Washington’s stay in Philadelphia was fraught with worry. He was on edge, having heard nothing from de Grasse or de Barras since they sailed from their respective positions. “If you get anything new from any quarter,” he entreated Lafayette, “send it, I pray you, on the spur of speed, for I am almost all impatience and anxiety.” 10 It was highly unorthodox for Washington to confess to such jitters. On the morning of September 5, after riding out of Philadelphia, he was overtaken at Chester by a messenger bearing phenomenal news: the Count de Grasse had shown up in Chesapeake Bay with a full panoply of military and naval power: 28 ships of the line, 4 frigates, and 3,500 troops.

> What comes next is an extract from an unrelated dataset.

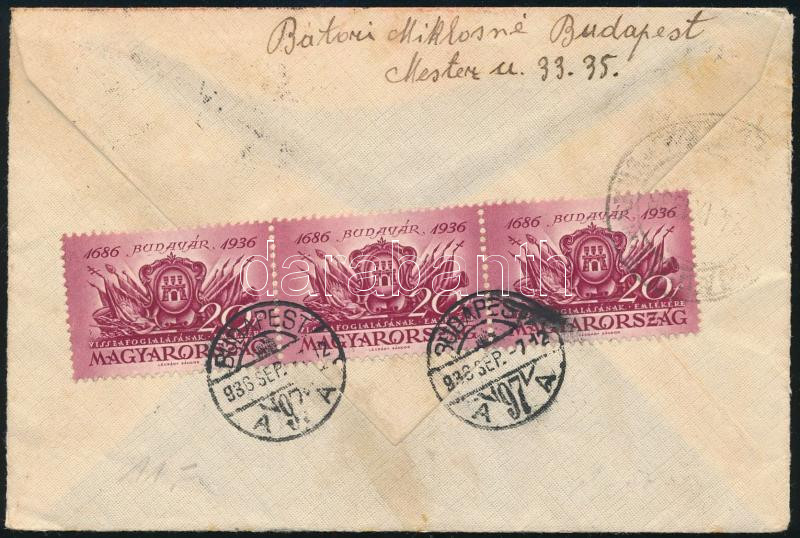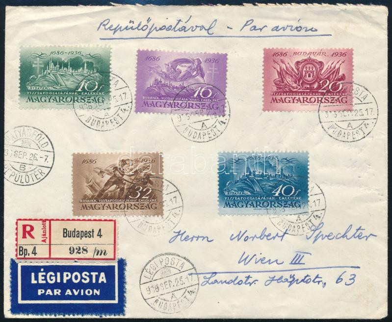 1936 Budavár sor ajánlott légi levélen Bécsbe / Mi 538-542 on registered airmail cover to Vienna (Image)(Image 1)

Washington shortly learned that de Grasse had engaged the Royal Navy under Admiral Thomas Graves off the Virginia capes, sending the British squadron scurrying back to New York and leaving the French in undisputed control of Chesapeake Bay. Between Lafayette’s small army on the land side and de Grasse’s massive fleet at sea, Cornwallis was bottled up near the end of the Yorktown peninsula.

As Rochambeau and his generals glided down the Delaware, they beheld something that overturned their preconceptions of a staid Washington. He stood on the riverbank in delirious elation, signaling gleefully with a hat in one hand and a handkerchief in the other. From across the water they heard him shouting “De Grasse.”11 “I caught sight of General Washington,” wrote Rochambeau, “waving his hat at me with demonstrative gestures of the greatest joy.”12 Once the French commander came ashore, the two men hugged with a mighty embrace. One French officer, Guillaume de Deux-Ponts, was amazed by Washington’s ebullience. Before, he had been convinced of Washington’s “natural coldness,” but now he had to reckon with the “pure joy” shown by the American: “He put aside his character as arbiter of North America and contented himself for the moment with that of a citizen, happy at the good fortune of his country. A child, whose every wish had been gratified, would not have experienced a sensation more lively.”13 The Duke de Lauzun agreed: “I never saw a man so thoroughly and openly delighted.”14 Washington’s boyish exuberance testified to the years of suppressed anxiety from which he was now beginning to feel emancipated.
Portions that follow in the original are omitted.